Verbatim copy without pictures. Please print every entry as it stands.

════════════════

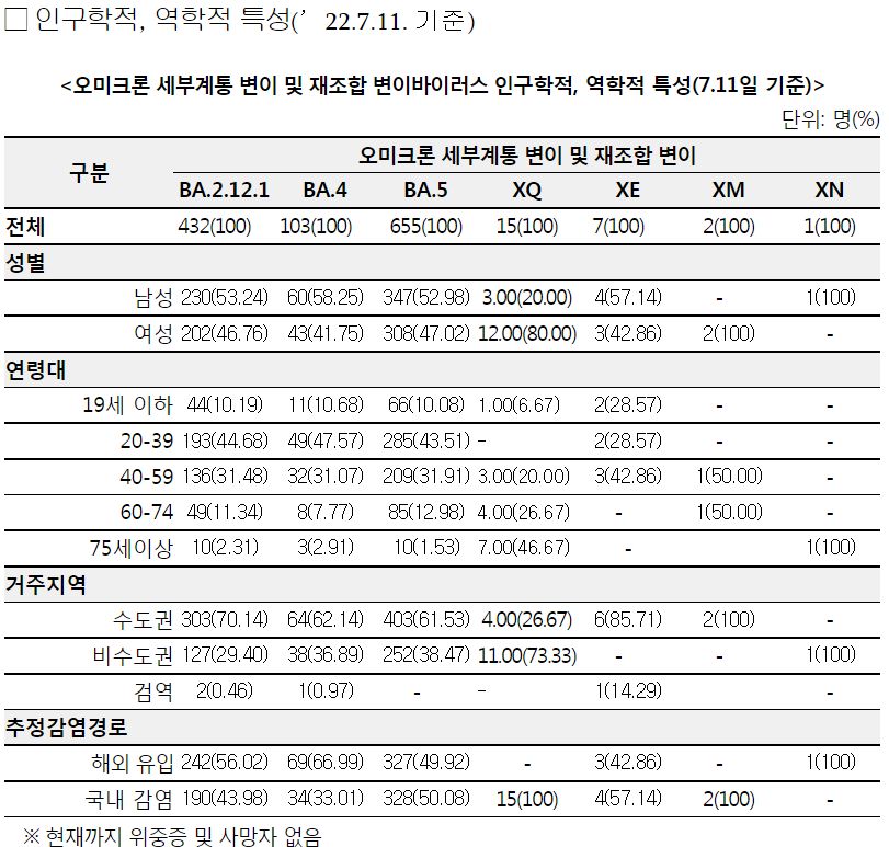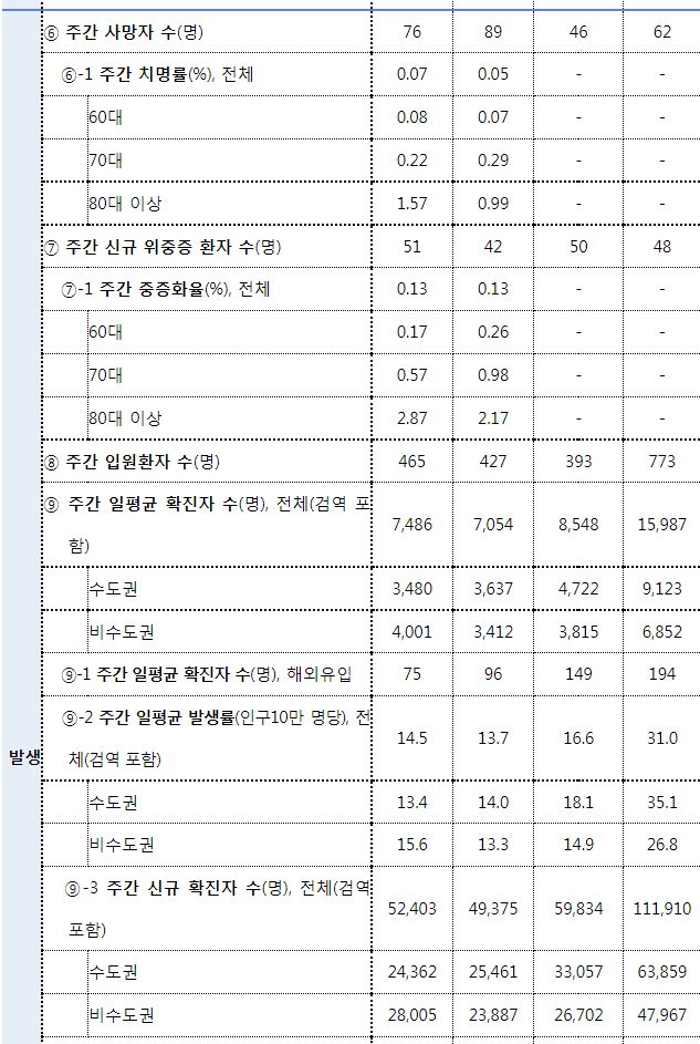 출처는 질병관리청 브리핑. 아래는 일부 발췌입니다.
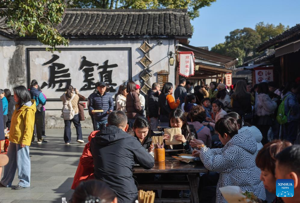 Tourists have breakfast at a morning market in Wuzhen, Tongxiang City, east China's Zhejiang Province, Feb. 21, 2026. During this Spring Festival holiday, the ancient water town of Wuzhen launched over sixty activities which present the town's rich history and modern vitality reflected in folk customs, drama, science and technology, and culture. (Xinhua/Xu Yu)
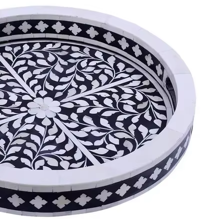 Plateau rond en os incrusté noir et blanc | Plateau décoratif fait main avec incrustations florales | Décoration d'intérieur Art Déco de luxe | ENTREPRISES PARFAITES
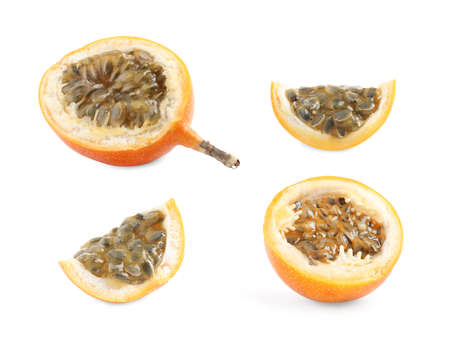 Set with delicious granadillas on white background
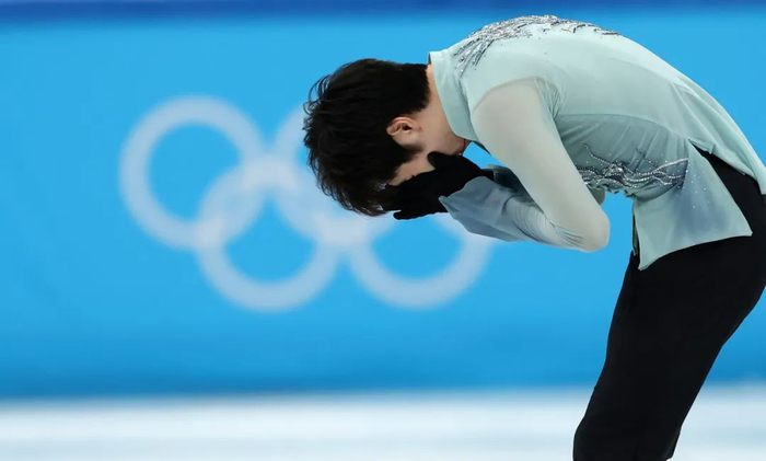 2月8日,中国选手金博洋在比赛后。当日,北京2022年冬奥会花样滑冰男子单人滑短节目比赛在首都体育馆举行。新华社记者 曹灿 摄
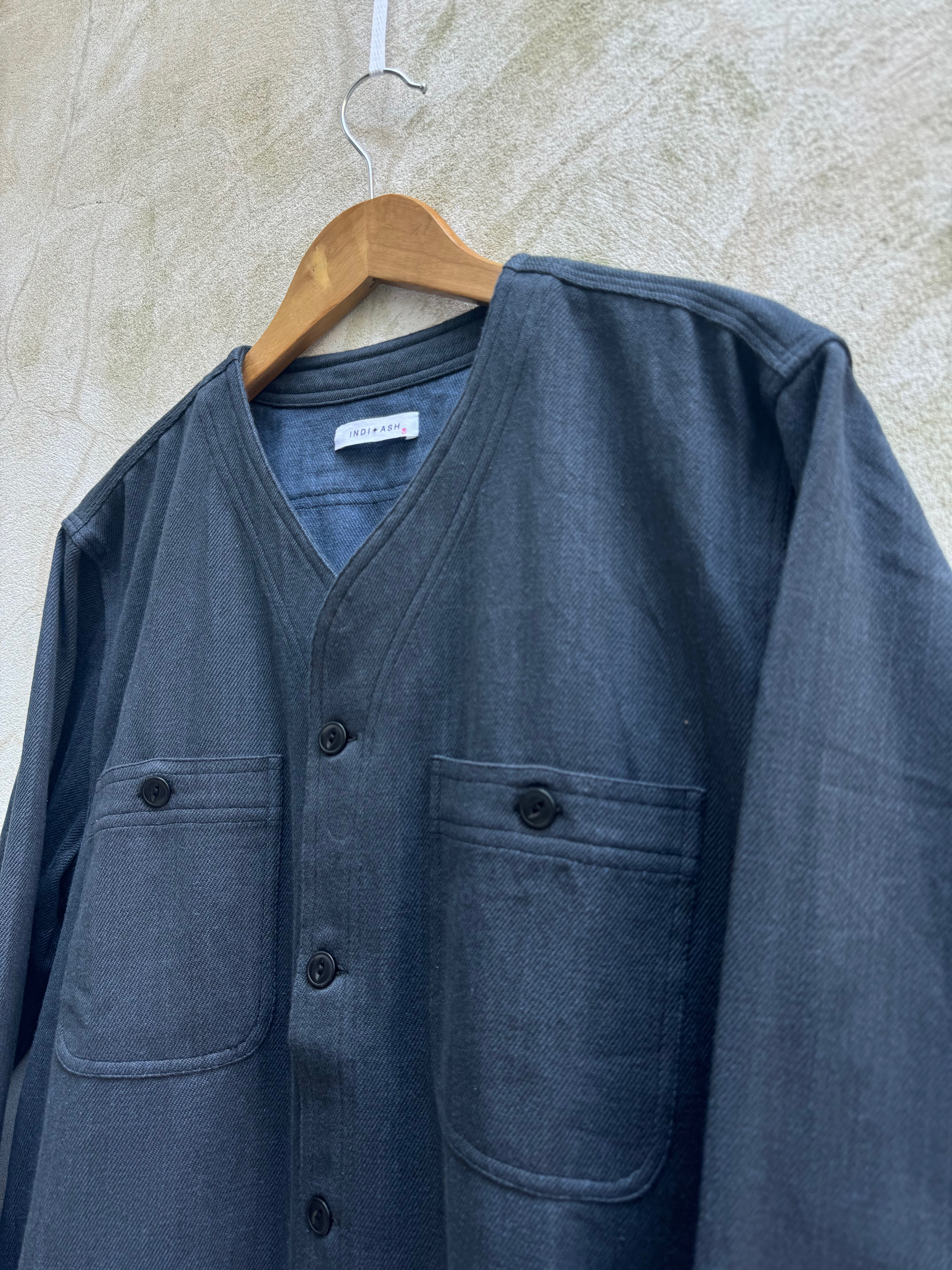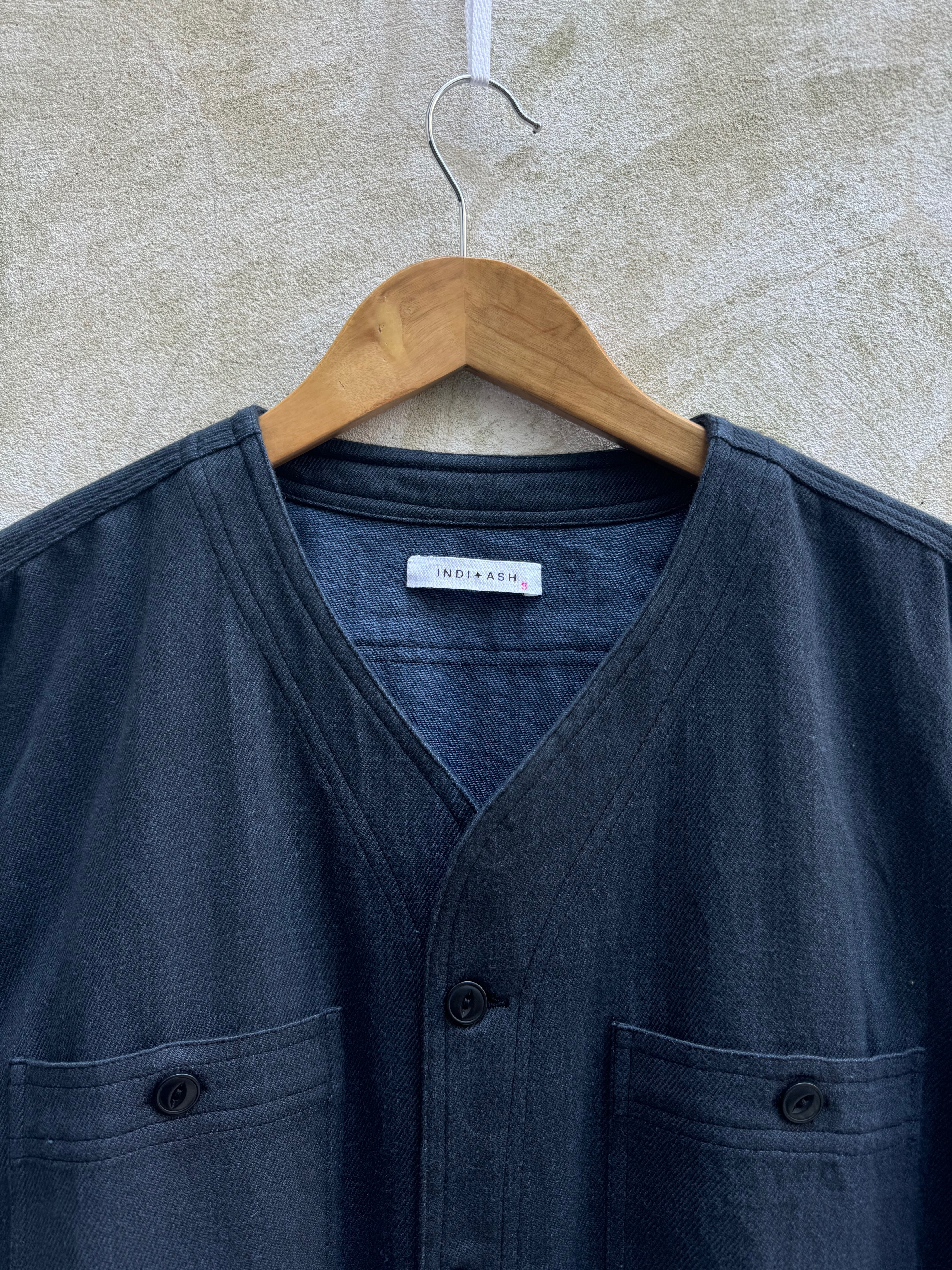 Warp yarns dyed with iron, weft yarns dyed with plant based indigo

════════════════

> _EXERCISE OUTPUT_:
 출처는 질병관리청 브리핑. 아래는 일부 발췌입니다.
 Tourists have breakfast at a morning market in Wuzhen, Tongxiang City, east China's Zhejiang Province, Feb. 21, 2026. During this Spring Festival holiday, the ancient water town of Wuzhen launched over sixty activities which present the town's rich history and modern vitality reflected in folk customs, drama, science and technology, and culture. (Xinhua/Xu Yu)
 Plateau rond en os incrusté noir et blanc | Plateau décoratif fait main avec incrustations florales | Décoration d'intérieur Art Déco de luxe | ENTREPRISES PARFAITES
 Set with delicious granadillas on white background
 2月8日,中国选手金博洋在比赛后。当日,北京2022年冬奥会花样滑冰男子单人滑短节目比赛在首都体育馆举行。新华社记者 曹灿 摄
 Warp yarns dyed with iron, weft yarns dyed with plant based indigo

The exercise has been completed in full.